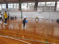 2月5日、滋賀県ゴールボール協会様にご協力いただき、3年生がゴールボールを体験しました。ゴールボールは、視覚に障害のある人を対象に考えられたチーム球技で、パラスポーツの一つです。今回は、中に鈴の入ったボールを幅12mのゴールに転がすように投げ入れたり、そのボールを守備したりする体験をさせていただきました。
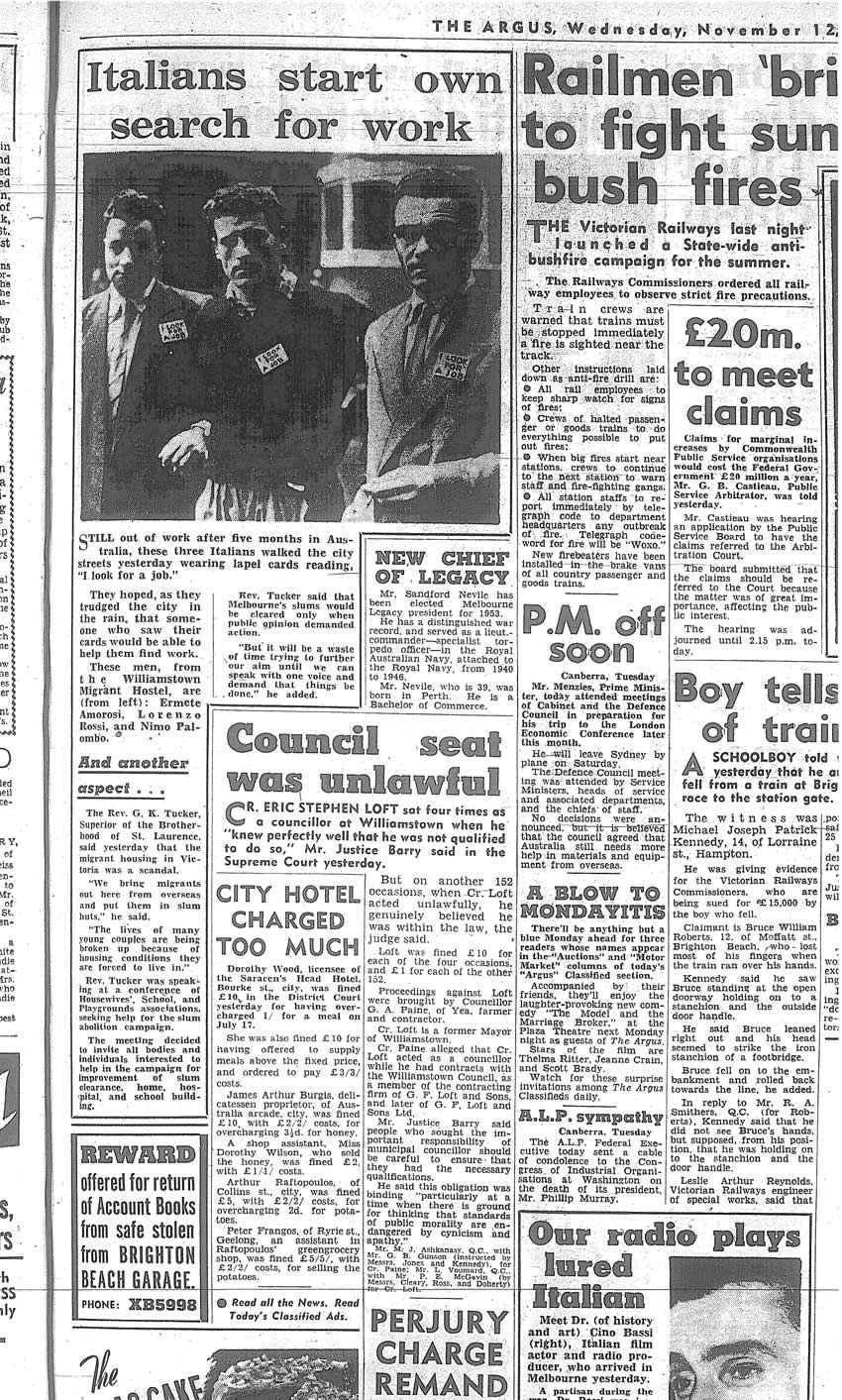 Much of Mrs Santospirito's time as President of the Archbishop's Committee was devoted to finding jobs for Italian migrants. Migrant unemployment became a huge problem in Australia in the early 1950s, when an economic down-turn and recession drastically lowered the job prospects for the steadily increasing numbers of post-war migrants. |
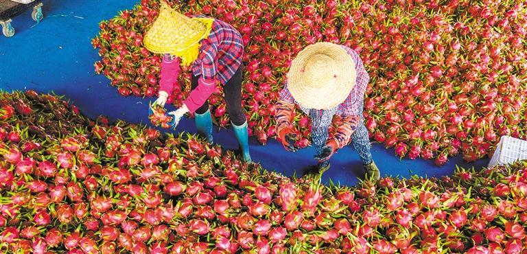 ▲厦门翔安区大宅社区火龙果丰收。通过生态治理,这里已建成福建省最大的火龙果连片种植基地。
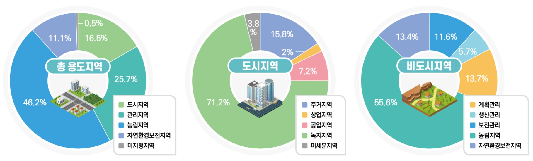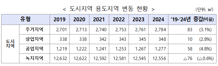 ㅇ Compared to 19, residential areas in urban areas increased by 83㎢ (↑3.1%), commercial areas increased by 10㎢ (↑2.8%), and industrial areas increased by 58㎢ (↑4.8%), while green areas decreased slightly (76㎢, ↓0.6%).
━━━━━━━━━━━━━━━━
What to produce.
Write the data above out exactly. Leave out any pictures.

Task result.
 2月5日、滋賀県ゴールボール協会様にご協力いただき、3年生がゴールボールを体験しました。ゴールボールは、視覚に障害のある人を対象に考えられたチーム球技で、パラスポーツの一つです。今回は、中に鈴の入ったボールを幅12mのゴールに転がすように投げ入れたり、そのボールを守備したりする体験をさせていただきました。
 Much of Mrs Santospirito's time as President of the Archbishop's Committee was devoted to finding jobs for Italian migrants. Migrant unemployment became a huge problem in Australia in the early 1950s, when an economic down-turn and recession drastically lowered the job prospects for the steadily increasing numbers of post-war migrants. |
 ▲厦门翔安区大宅社区火龙果丰收。通过生态治理,这里已建成福建省最大的火龙果连片种植基地。
 ㅇ Compared to 19, residential areas in urban areas increased by 83㎢ (↑3.1%), commercial areas increased by 10㎢ (↑2.8%), and industrial areas increased by 58㎢ (↑4.8%), while green areas decreased slightly (76㎢, ↓0.6%).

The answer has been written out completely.